WASHINGTON _ President Donald Trump asked a federal judge to throw out a lawsuit filed by two attorneys general accusing him of profiting from his office in violation of the U.S. Constitution.
The suit, filed by Maryland Attorney General Brian Frosh and his District of Columbia counterpart, Karl Racine, contends the president's continued ownership of his global business empire _ including the Trump International Hotel in Washington _ enables him to make money from foreign and domestic governments, breaching two constitutional clauses intended to prevent that.
The filing at the federal courthouse in the Washington suburb of Greenbelt, Md., is the first formal response to the June lawsuit.

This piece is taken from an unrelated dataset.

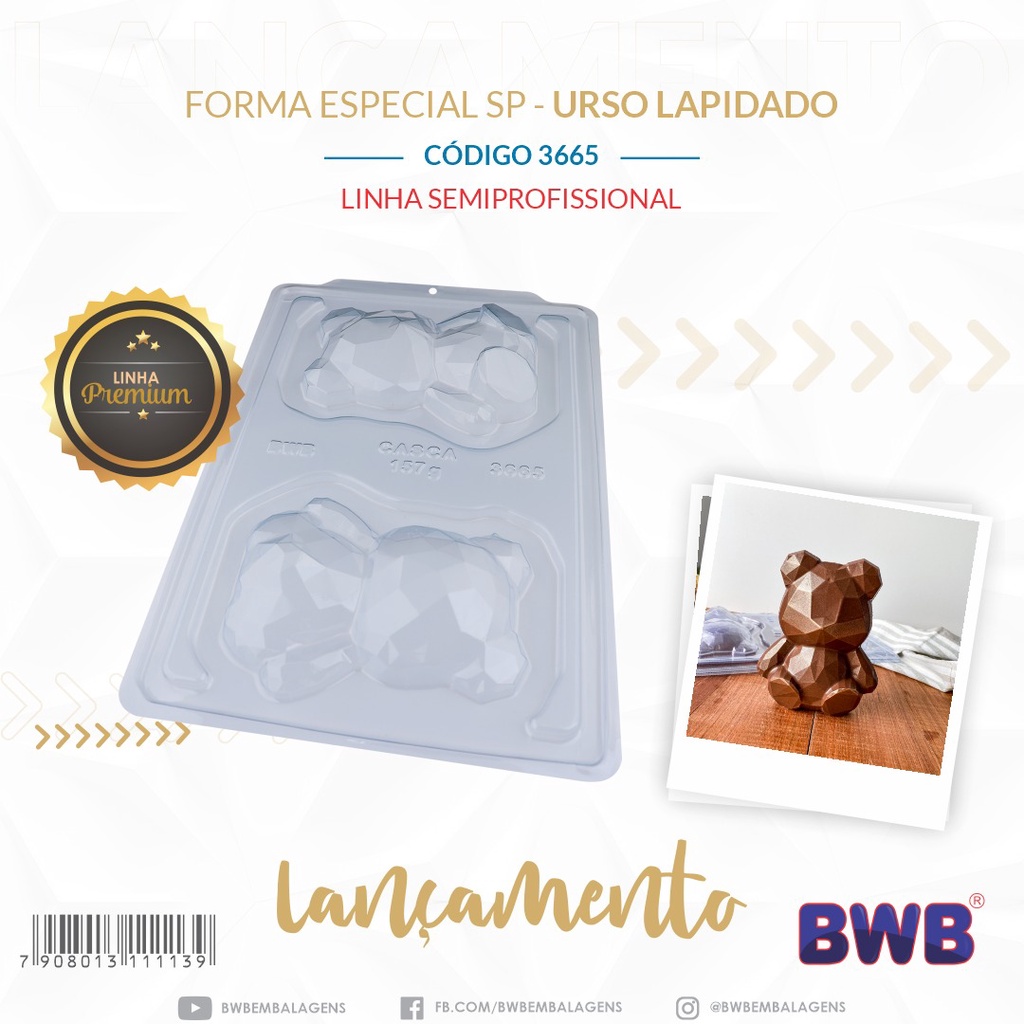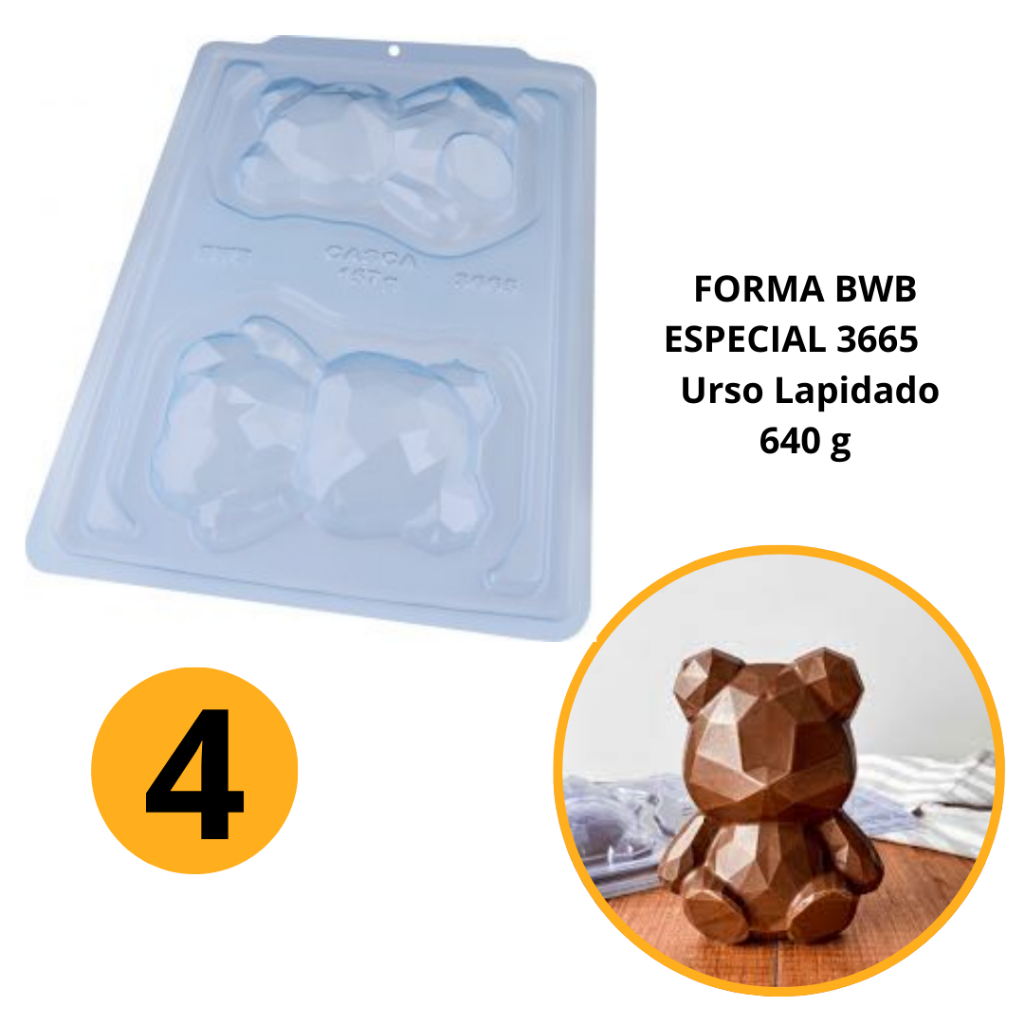 1~4 Forma BWB Urso Lapidado, Com Silicone(3 partes)Para Bombons de Chocolate E Confeitaria. Cód:3665 (CHOCO)

The president's bid for dismissal comes just a day after U.S. Supreme Court Justice Neil Gorsuch, whom Trump nominated earlier this year, delivered a speech to the Fund for American Studies in a crystal chandelier-bedecked conference room at the president's D.C. hotel, which opened last year.
"Justice Gorsuch speaking to a conservative group in the Trump Hotel, where the president continues to hold a financial stake, is everything that was wrong with his nomination," U.S. Senate Minority Leader Chuck Schumer, a New York Democrat, said in a statement condemning the judge's appearance.
The Frosh-Racine case is one of a flurry of such suits filed in the first six months of Trump's presidency as lawmakers and watchdog groups grappled with the implications of a businessman moving directly into the White House without prior government experience and without cutting ties to those businesses.
The attorneys general allege the constitution's foreign and domestic emoluments clauses bars presidents from receiving compensation from foreign governments without congressional approval and bans payment from federal and state governments.
"Never before has a president acted with such disregard for this constitutional prescription," Racine and Frosh said in their complaint. They're seeking an order forcing Trump to divest his businesses.
Trump also faces suits from about 200 Democratic members of Congress, led by U.S. Sen. Richard Blumenthal of Connecticut and from Citizens for Responsibility and Ethics in Washington. His attorneys asked U.S. judges in Washington and New York to throw out both of those cases earlier this month.